+++ DATA FOR THIS TASK

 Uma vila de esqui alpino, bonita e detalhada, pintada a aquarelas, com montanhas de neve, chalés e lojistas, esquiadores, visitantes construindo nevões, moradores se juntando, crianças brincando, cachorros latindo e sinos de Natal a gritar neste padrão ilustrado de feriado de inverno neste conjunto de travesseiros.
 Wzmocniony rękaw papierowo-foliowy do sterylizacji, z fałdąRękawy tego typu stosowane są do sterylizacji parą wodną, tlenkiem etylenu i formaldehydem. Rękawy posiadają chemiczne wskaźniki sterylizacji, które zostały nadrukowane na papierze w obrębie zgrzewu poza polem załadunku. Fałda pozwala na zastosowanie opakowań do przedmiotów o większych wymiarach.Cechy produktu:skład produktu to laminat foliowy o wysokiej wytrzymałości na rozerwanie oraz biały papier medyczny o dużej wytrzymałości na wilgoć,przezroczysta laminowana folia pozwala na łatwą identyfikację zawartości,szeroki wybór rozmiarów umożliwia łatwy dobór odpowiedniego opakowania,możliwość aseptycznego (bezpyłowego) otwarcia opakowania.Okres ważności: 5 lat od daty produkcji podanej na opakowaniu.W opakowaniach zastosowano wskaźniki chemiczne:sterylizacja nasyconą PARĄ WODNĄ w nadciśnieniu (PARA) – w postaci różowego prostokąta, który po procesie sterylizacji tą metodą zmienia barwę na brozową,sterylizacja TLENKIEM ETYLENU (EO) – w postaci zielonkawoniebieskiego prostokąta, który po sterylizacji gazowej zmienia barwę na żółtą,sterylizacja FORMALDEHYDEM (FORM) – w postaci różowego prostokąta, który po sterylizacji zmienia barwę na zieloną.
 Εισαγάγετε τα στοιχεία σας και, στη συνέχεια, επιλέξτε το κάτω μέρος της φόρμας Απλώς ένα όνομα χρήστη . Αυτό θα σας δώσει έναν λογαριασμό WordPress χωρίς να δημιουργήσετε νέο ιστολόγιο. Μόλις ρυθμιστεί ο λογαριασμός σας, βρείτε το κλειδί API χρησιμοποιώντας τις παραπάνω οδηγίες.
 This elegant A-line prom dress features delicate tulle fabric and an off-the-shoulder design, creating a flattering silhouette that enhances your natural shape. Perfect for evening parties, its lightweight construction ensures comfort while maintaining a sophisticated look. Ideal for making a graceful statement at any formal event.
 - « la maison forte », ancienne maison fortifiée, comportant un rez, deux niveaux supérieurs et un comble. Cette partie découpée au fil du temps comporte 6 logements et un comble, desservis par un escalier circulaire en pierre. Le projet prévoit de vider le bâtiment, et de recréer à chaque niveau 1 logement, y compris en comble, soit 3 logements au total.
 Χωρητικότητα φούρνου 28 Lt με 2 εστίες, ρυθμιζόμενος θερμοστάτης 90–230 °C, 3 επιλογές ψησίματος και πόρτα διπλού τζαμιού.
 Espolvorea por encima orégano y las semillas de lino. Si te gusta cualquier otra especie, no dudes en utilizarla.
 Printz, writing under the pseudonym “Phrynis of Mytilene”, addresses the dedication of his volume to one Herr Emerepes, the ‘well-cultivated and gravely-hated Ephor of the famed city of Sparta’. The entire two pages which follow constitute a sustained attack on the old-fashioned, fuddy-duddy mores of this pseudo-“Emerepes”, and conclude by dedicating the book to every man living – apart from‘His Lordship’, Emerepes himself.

++++++

• [EXERCISE DETAILS]
Write out the line containing "logements au total." and every line after it through the end of the entries. Keep each one exactly as it is, and add nothing.

• [WRITTEN ANSWER]
 - « la maison forte », ancienne maison fortifiée, comportant un rez, deux niveaux supérieurs et un comble. Cette partie découpée au fil du temps comporte 6 logements et un comble, desservis par un escalier circulaire en pierre. Le projet prévoit de vider le bâtiment, et de recréer à chaque niveau 1 logement, y compris en comble, soit 3 logements au total.
 Χωρητικότητα φούρνου 28 Lt με 2 εστίες, ρυθμιζόμενος θερμοστάτης 90–230 °C, 3 επιλογές ψησίματος και πόρτα διπλού τζαμιού.
 Espolvorea por encima orégano y las semillas de lino. Si te gusta cualquier otra especie, no dudes en utilizarla.
 Printz, writing under the pseudonym “Phrynis of Mytilene”, addresses the dedication of his volume to one Herr Emerepes, the ‘well-cultivated and gravely-hated Ephor of the famed city of Sparta’. The entire two pages which follow constitute a sustained attack on the old-fashioned, fuddy-duddy mores of this pseudo-“Emerepes”, and conclude by dedicating the book to every man living – apart from‘His Lordship’, Emerepes himself.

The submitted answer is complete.